Das richtige Gedenken an Julius Leber?
Von hier aus organisierte Julius Leber seine Widerstandsarbeit - bald soll die alte Kohlenhandlung abgerissen werden. Zur Foto-Galerie
Im Rathaus Schöneberg findet eine Ausstellung zum Gedenken an den bedeutenden Widerstandskämpfer gegen den Nationalsozialismus statt – doch die Kunstentwürfe werden dem geschichtlichen Erbe nicht gerecht.

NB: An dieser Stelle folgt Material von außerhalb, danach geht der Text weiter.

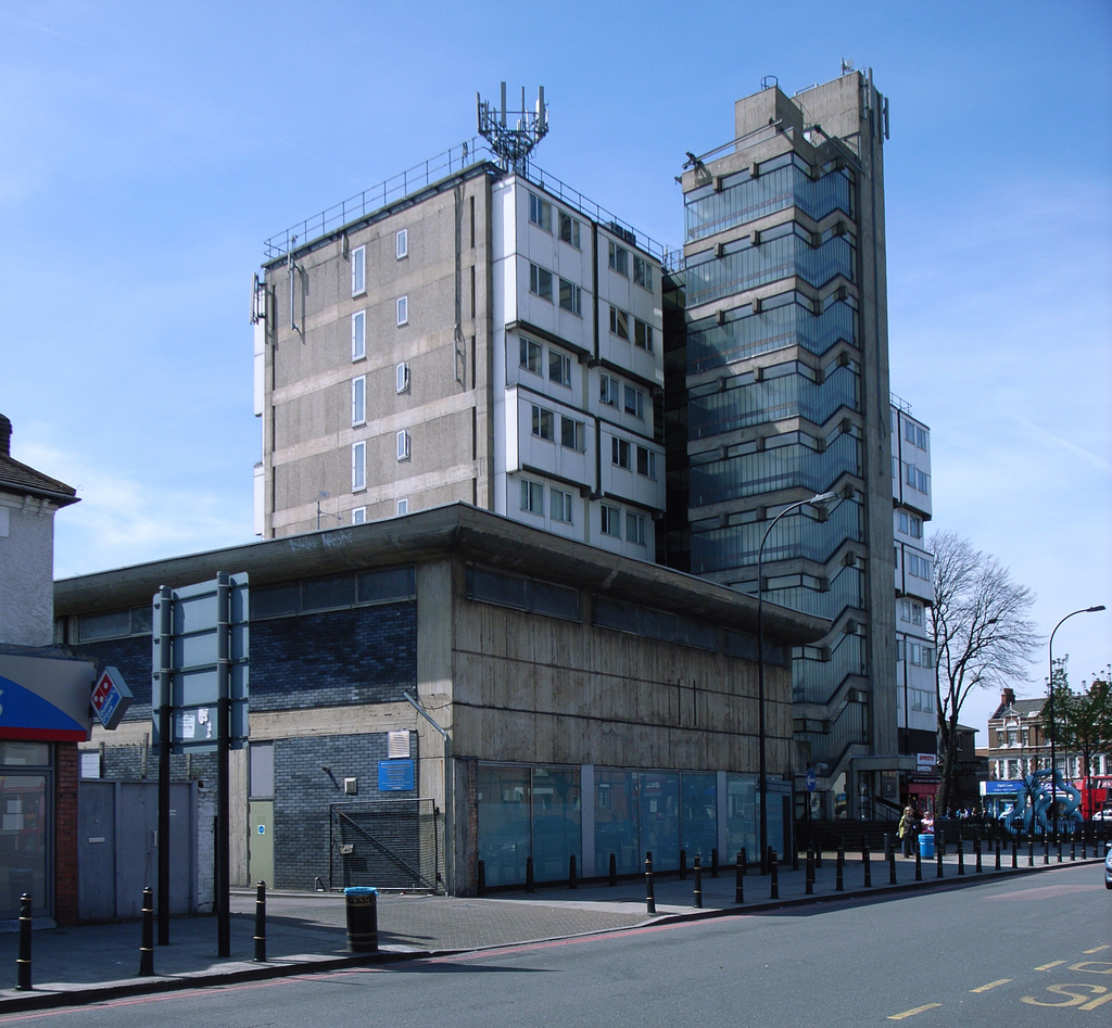 Eros House (1960-63) by Rodney Gordon of Owen Luder and Partners. Photos taken on a Twentieth Century Society walk round Catford and Lewisham in South London on 27th April 2008.

Sie ist nicht leicht zu finden, die kleine Ausstellung im Rathaus Schöneberg. Beinahe könnte man glauben, dass sich der Bezirk Tempelhof-Schöneberg etwas schämt und bewusst am Eingang keinen Hinweis angebracht hat. Nach dem Besuch hofft der Betrachter allerdings, dass sich der Bezirk wirklich und gründlich schämt.

Zum Hintergrund

Angesichts des Abrisses der alten Bebauung in der Torgauer Straße soll auch die ehemalige Kohlenhandlung dem Erdboden gleich gemacht werden, von der aus Julius Leber seine Widerstandsarbeit organisiert hat. Der sozialdemokratische Politiker wurde hier am 5. Juli 1944 verhaftet und im Januar 1945 hingerichtet. Seine Frau Annedore hatte noch bis in die 60er Jahre hinein auf dem Grundstück einen kleinen Verlag, mit dem sie das Andenken an ihren Mann und die Widerstandsbewegung aufrechterhielt. Einige An- und Umbauten sowie Kriegsschäden haben das ursprüngliche Gebäude im Laufe der Zeit verändert. Nun soll es auf Wunsch des Bezirks verschwinden. Der Grund: das liebe Geld. Möglichst wenig kosten soll die Erinnerung an den Widerstand und selbst die SPD sieht tatenlos zu, wie das Gedenken an einen ihrer größten Männer gehandhabt wird.

Wenige hundert Meter weiter wurde dagegen in den vergangenen Jahren 1 Million Euro bezahlt, um den Schwerbelastungskörper – einen gigantischen Betonklotz – von Albert Speer zu sanieren. Für den Geschichtsparcours und das SA-Gefängnis Papestraße wurde auch ausreichend Geld in die Hand genommen. Auf den Gedanken, den Ort des Widerstandes in der Torgauer Straße mit in das Konzept einzubeziehen – darauf ist im Bezirk niemand gekommen. Es ist ein erschreckendes Beispiel dafür, welchen Stellenwert das Gedenken an den Widerstand gegen den Nationalsozialismus im Jahr 2012 besitzt.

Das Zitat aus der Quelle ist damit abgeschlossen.